会山行紀行文
No−064
グレード:B
2016年
6月25日(土)〜26日(日)  天候は下記記載   
(いいづなやま)(たかづまやま)
飯縄山・高妻山

1917m  2353m
参加者 (紀行文) 2216 S/K 
16名
(男性12名・女性4名) (写真) 2216 S/K
≪コースタイム≫
≪6月25日(飯縄山)曇り≫
  新潟駅(6:00)=(北陸・上信越道)=信濃町IC=一の鳥居登山口(9:00−9:15) …(南登山道) …登山道合流点(11:15)
  …飯縄山山頂(11:40−12:20)…登山道合流点(12:50) …(西登山道) …登山口(車道合流点)(14:35−14:45)=妙高高原きたむら山荘(15:50)

≪6月26日(高妻山)曇り時々晴れ≫ 
  妙高高原きたむら山荘(6:05)=戸隠牧場駐車場(6:50−7:00) …一不動登山口(戸隠牧場内)(7:25) …一不動避難小屋(9:05−9:15)
  …五地蔵山(10:15−10:15) …六弥勒(10:30) …高妻山山頂(12:30−13:15) …六弥勒(15:05) …弥勒新道登山口(戸隠牧場)(17:05)
  …戸隠牧場駐車場(17:25−17:45) =信濃町IC=(北陸・上信越道)=新潟駅(20:20)
≪紀行文≫
〜〜〜手強い高妻山をたっぷり楽しみ、充実感に満たされた〜〜〜

 梅雨の最中ながら、山行日が近づくと天気予報は好転し、25日曇り、26日晴れ。
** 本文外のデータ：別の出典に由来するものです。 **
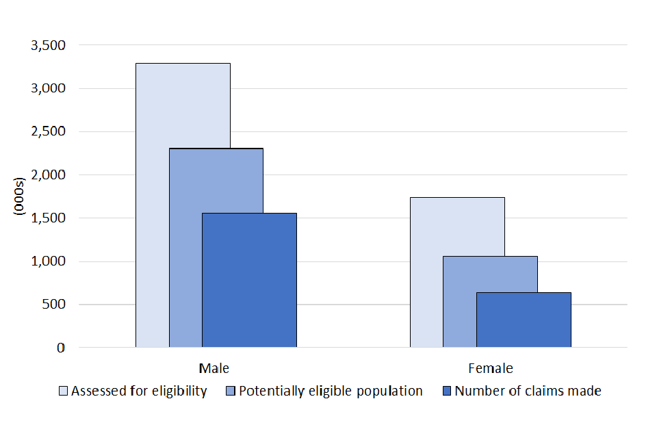 Of 5.0 million individuals who were assessed for potential eligibility, men make up around two-thirds (65%), and also make up a slightly higher proportion (68%) of the potentially eligible population.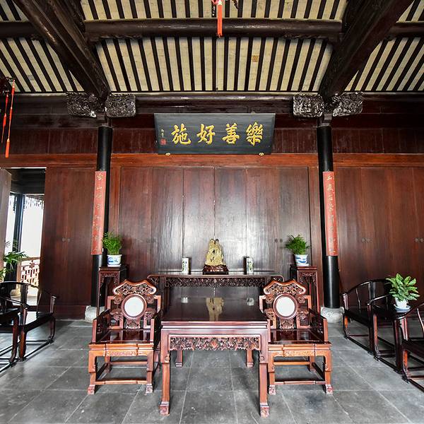 很快,这条几百米的正街就走到了尽头,再往前就是一座桥,桥那头一片空旷;左手边有着北街的标识,望上去是一条长长的古老窄巷;右手边是一些居民的住宅,走了几步,有一处大门紧闭的杨氏南宅,几个本地的小朋友做着游戏。于是,我们走去了北街,两边还住着原来的住户,透过窗户和门,看到屋里的摆设,觉得多是以老人为主。突然就觉得有些抱歉,易地而处,如果我是这里的住户,每日里有参观的陌生人来来往往,那个滋味不好受。果然,就看到挂着铁匠铺牌匾的那户人家的木门上,拿粉笔写着5个字,请不要拍我!个中心情,可见一斑。所以,以后再去的亲们,在参观北街时可以尽量安静一些,而且,这样的老街,正是安安静静地慢慢走走,更有味道些。再往前就是榜眼府和杨氏孝坊这两处需要验票的景点了。巷子虽窄,榜眼府的面积可是不小。第一进,轿厅;第二进,正厅(男主人会客室);第三进,前楼厅,女主人会客室;第四进,后楼厅,合家喜庆聚餐之处;最后,是后花园。一般大宅子该有的房间,一应俱全。后花园里也是,亭台楼阁,假山石舫,应有尽有。杨氏孝坊。个人以为,若是春和景明,顺道路过,随意在恬庄老街走走,是很惬意的;但若特地驱车几十公里甚至上百公里来此,可能就会有些失望了。票价:恬庄古街、河阳山歌馆、永庆寺是张家港凤凰山景区的三大景点。票价分别为30元、30元、30元;购买联票的价格为80元。办理2016年苏州惠民休闲年卡可以免费参观。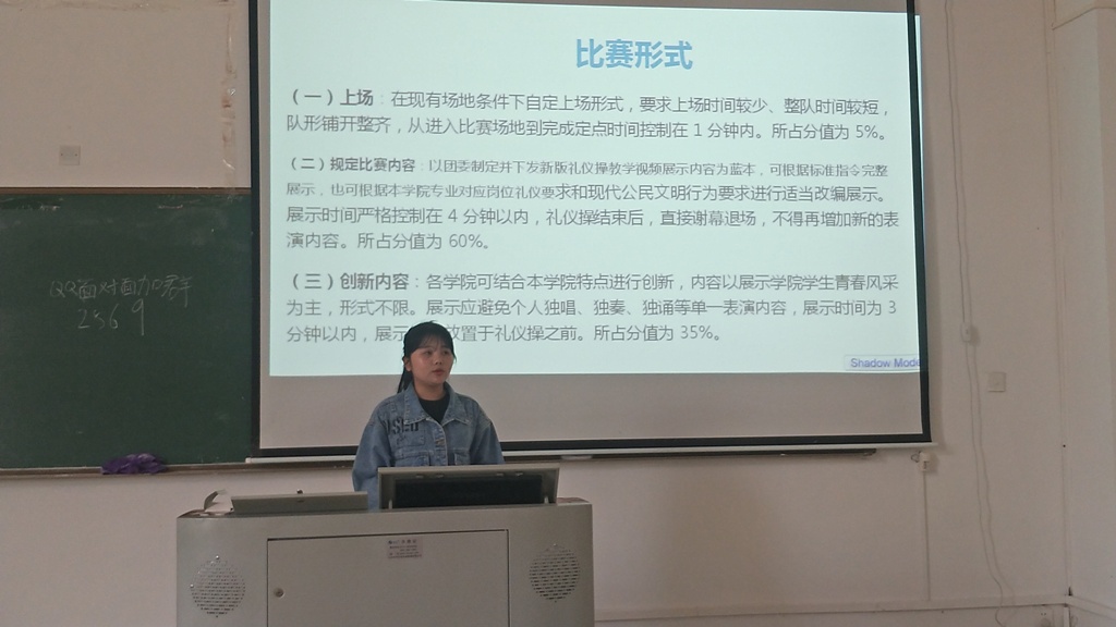 动员会共有三项,第一项由文艺部部长杨舒婷向18级的同学介绍了校礼仪操和院礼仪操的举办时间地点、学习礼仪操的要求。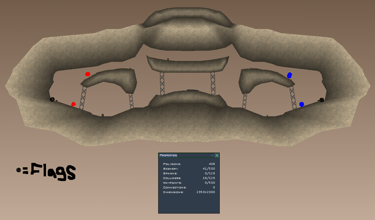 Well, since I uninstalled Soldat, I don't have any custom sceneries or textures! Well, in that case, I decided to create this map! No custom sceneries or textures :) The ONLY thing is, that I havn't tested its gameplay since I don't have Soldat installed. Feel free to do it for me :) Its a basic 3v3 CTF map =P

どうか雨が降らないようにとバスに乗り込む。

◆飯縄山 
 リーダーから「今日は明日の高妻山の足慣らし」と言われるが、初めて登る山はやはり緊張を伴う。
 時折ガスが樹々を覆う一の鳥居登山口に到着。ここから南登山道を歩いて山頂へ、下山は西登山道を辿る。
 石造りの飯縄大明神の鳥居を潜って登山がスタート、直ぐに大きな奥宮一の鳥居を通過。
 万緑の中を気持ち良く進む、自然の中に分け入って行く感覚は、いつも新鮮な喜びがある。
 登山道脇に祀られている仏様の石像が、飯縄山が山岳信仰の霊山であることを教えてくれる。
樹々の後方にガスが漂う一の鳥居登山口で身支度 飯縄大明神の鳥居前でリーダーからルート説明
大きな木製の奥宮一の鳥居を潜る 万緑の樹々の中を進む レンゲツツジが彩りを添える

 長い歳月登山者を見守り続けてきた石仏は、どれも徳のある表情に思える。
 閉口したのは立ち止まると集まってくる吸血ブヨ、各自蚊取り線香や防虫ネットで自己防衛。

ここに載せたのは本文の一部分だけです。